## [Exercise prompt]
Each line in the material below must be transcribed exactly; no picture belongs in the copy.

## [Information supplied]
· · ·

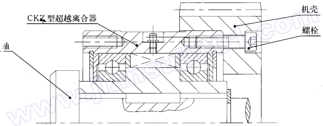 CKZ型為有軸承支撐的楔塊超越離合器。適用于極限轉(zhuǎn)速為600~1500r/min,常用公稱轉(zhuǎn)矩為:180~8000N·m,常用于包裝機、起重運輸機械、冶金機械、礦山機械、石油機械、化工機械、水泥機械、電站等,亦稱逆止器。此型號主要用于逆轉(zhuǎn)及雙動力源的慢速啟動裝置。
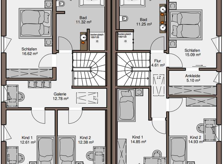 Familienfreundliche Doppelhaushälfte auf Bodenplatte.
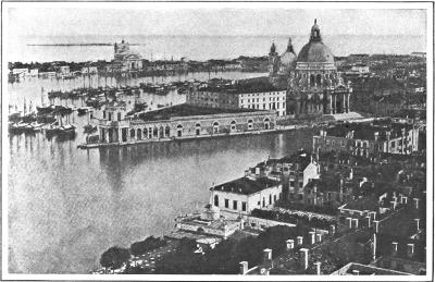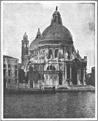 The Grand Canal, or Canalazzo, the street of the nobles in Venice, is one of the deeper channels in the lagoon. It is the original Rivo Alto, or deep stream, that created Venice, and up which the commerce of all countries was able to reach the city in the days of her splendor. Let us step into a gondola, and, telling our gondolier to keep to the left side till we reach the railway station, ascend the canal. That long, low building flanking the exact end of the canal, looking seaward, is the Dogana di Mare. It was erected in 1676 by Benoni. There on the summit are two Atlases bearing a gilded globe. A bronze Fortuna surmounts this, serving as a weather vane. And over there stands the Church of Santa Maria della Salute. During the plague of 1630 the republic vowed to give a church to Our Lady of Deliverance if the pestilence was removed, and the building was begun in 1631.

· · ·

## [Written response]
 CKZ型為有軸承支撐的楔塊超越離合器。適用于極限轉(zhuǎn)速為600~1500r/min,常用公稱轉(zhuǎn)矩為:180~8000N·m,常用于包裝機、起重運輸機械、冶金機械、礦山機械、石油機械、化工機械、水泥機械、電站等,亦稱逆止器。此型號主要用于逆轉(zhuǎn)及雙動力源的慢速啟動裝置。
 Familienfreundliche Doppelhaushälfte auf Bodenplatte.
 The Grand Canal, or Canalazzo, the street of the nobles in Venice, is one of the deeper channels in the lagoon. It is the original Rivo Alto, or deep stream, that created Venice, and up which the commerce of all countries was able to reach the city in the days of her splendor. Let us step into a gondola, and, telling our gondolier to keep to the left side till we reach the railway station, ascend the canal. That long, low building flanking the exact end of the canal, looking seaward, is the Dogana di Mare. It was erected in 1676 by Benoni. There on the summit are two Atlases bearing a gilded globe. A bronze Fortuna surmounts this, serving as a weather vane. And over there stands the Church of Santa Maria della Salute. During the plague of 1630 the republic vowed to give a church to Our Lady of Deliverance if the pestilence was removed, and the building was begun in 1631.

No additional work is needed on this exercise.